◆ WHAT YOU ARE ASKED TO DO
All of the data below should come back exactly as written, minus its images.

◆ DATA PROVIDED
● ● ●

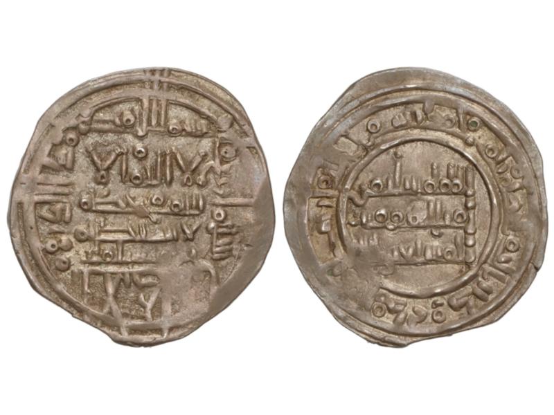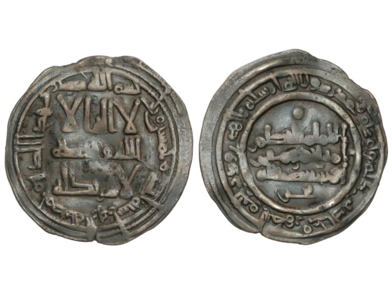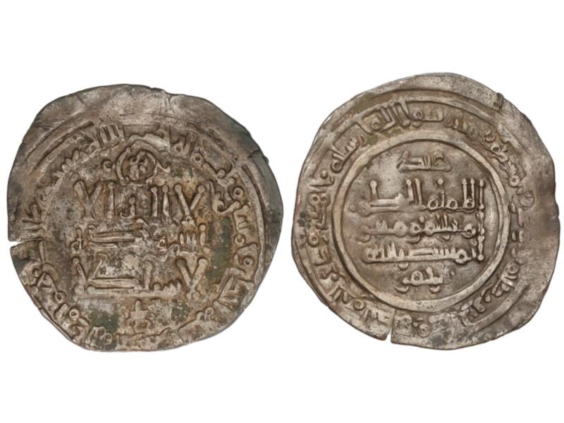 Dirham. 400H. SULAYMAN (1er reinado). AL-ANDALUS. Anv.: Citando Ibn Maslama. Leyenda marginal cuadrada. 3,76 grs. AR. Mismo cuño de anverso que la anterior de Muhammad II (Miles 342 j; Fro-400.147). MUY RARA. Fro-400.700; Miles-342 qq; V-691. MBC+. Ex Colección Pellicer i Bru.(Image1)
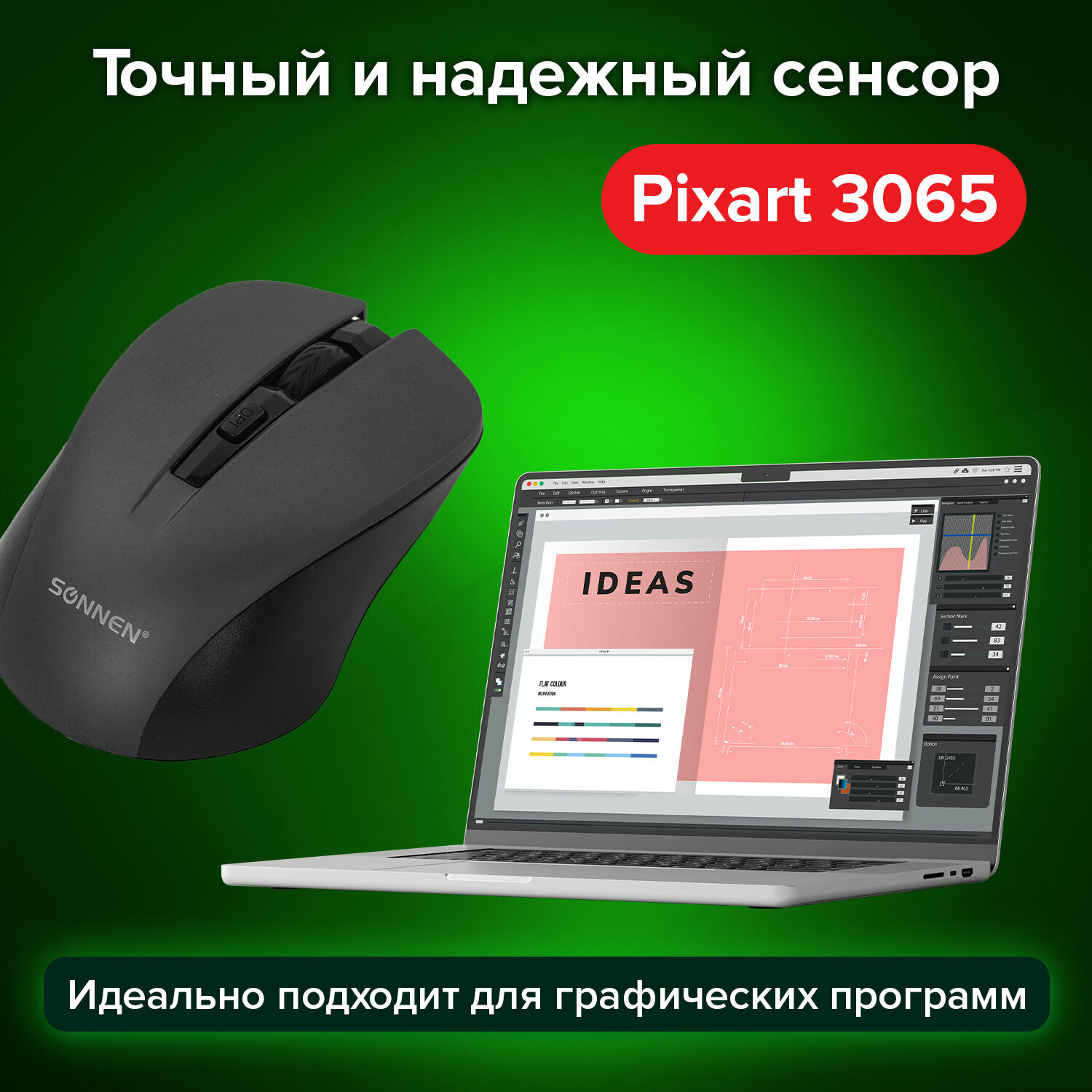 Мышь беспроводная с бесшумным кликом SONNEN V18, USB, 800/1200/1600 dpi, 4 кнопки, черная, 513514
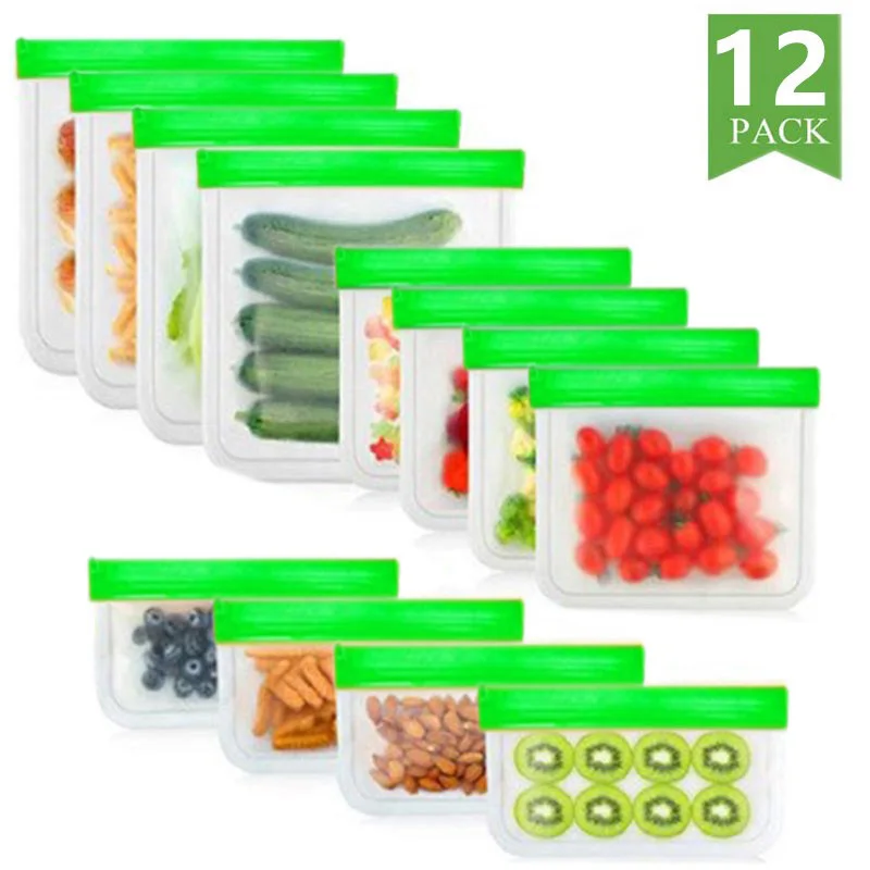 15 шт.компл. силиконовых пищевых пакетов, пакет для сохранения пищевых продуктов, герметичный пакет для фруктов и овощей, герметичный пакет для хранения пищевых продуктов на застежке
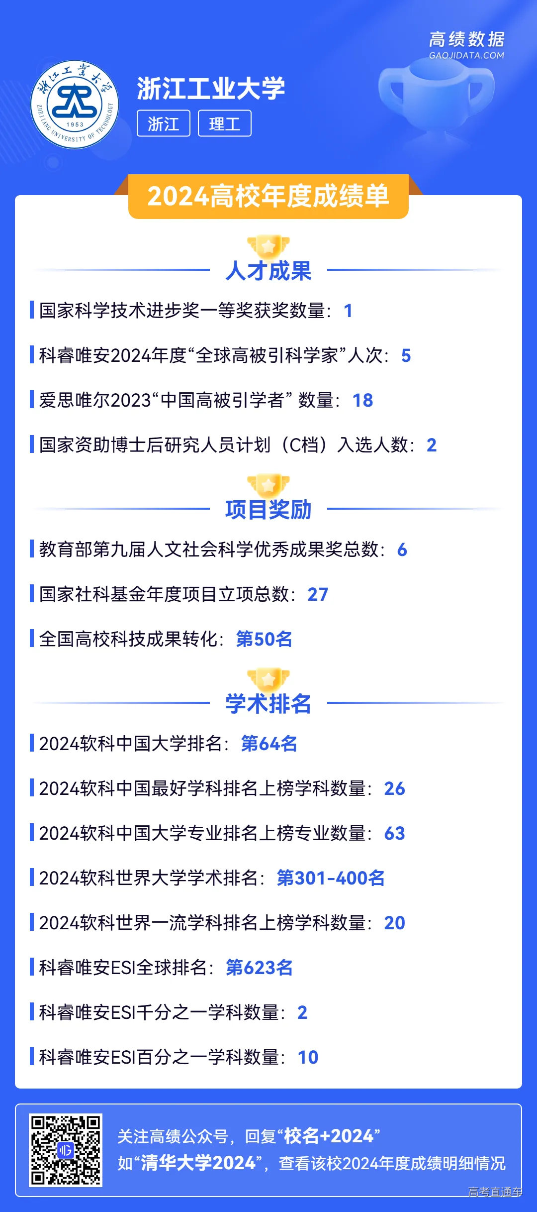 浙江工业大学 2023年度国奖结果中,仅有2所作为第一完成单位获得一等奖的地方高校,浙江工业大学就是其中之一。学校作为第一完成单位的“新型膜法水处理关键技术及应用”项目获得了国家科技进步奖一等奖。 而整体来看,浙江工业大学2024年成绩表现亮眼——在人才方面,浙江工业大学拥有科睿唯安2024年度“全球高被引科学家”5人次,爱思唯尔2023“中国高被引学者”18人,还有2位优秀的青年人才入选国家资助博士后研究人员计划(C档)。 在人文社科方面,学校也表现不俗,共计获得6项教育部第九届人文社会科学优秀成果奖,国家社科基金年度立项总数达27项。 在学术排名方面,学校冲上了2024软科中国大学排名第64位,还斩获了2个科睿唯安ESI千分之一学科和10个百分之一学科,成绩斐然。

● ● ●

◆ REPLY TO THE EXERCISE
 Dirham. 400H. SULAYMAN (1er reinado). AL-ANDALUS. Anv.: Citando Ibn Maslama. Leyenda marginal cuadrada. 3,76 grs. AR. Mismo cuño de anverso que la anterior de Muhammad II (Miles 342 j; Fro-400.147). MUY RARA. Fro-400.700; Miles-342 qq; V-691. MBC+. Ex Colección Pellicer i Bru.(Image1)
 Мышь беспроводная с бесшумным кликом SONNEN V18, USB, 800/1200/1600 dpi, 4 кнопки, черная, 513514
 15 шт.компл. силиконовых пищевых пакетов, пакет для сохранения пищевых продуктов, герметичный пакет для фруктов и овощей, герметичный пакет для хранения пищевых продуктов на застежке
 浙江工业大学 2023年度国奖结果中,仅有2所作为第一完成单位获得一等奖的地方高校,浙江工业大学就是其中之一。学校作为第一完成单位的“新型膜法水处理关键技术及应用”项目获得了国家科技进步奖一等奖。 而整体来看,浙江工业大学2024年成绩表现亮眼——在人才方面,浙江工业大学拥有科睿唯安2024年度“全球高被引科学家”5人次,爱思唯尔2023“中国高被引学者”18人,还有2位优秀的青年人才入选国家资助博士后研究人员计划(C档)。 在人文社科方面,学校也表现不俗,共计获得6项教育部第九届人文社会科学优秀成果奖,国家社科基金年度立项总数达27项。 在学术排名方面,学校冲上了2024软科中国大学排名第64位,还斩获了2个科睿唯安ESI千分之一学科和10个百分之一学科,成绩斐然。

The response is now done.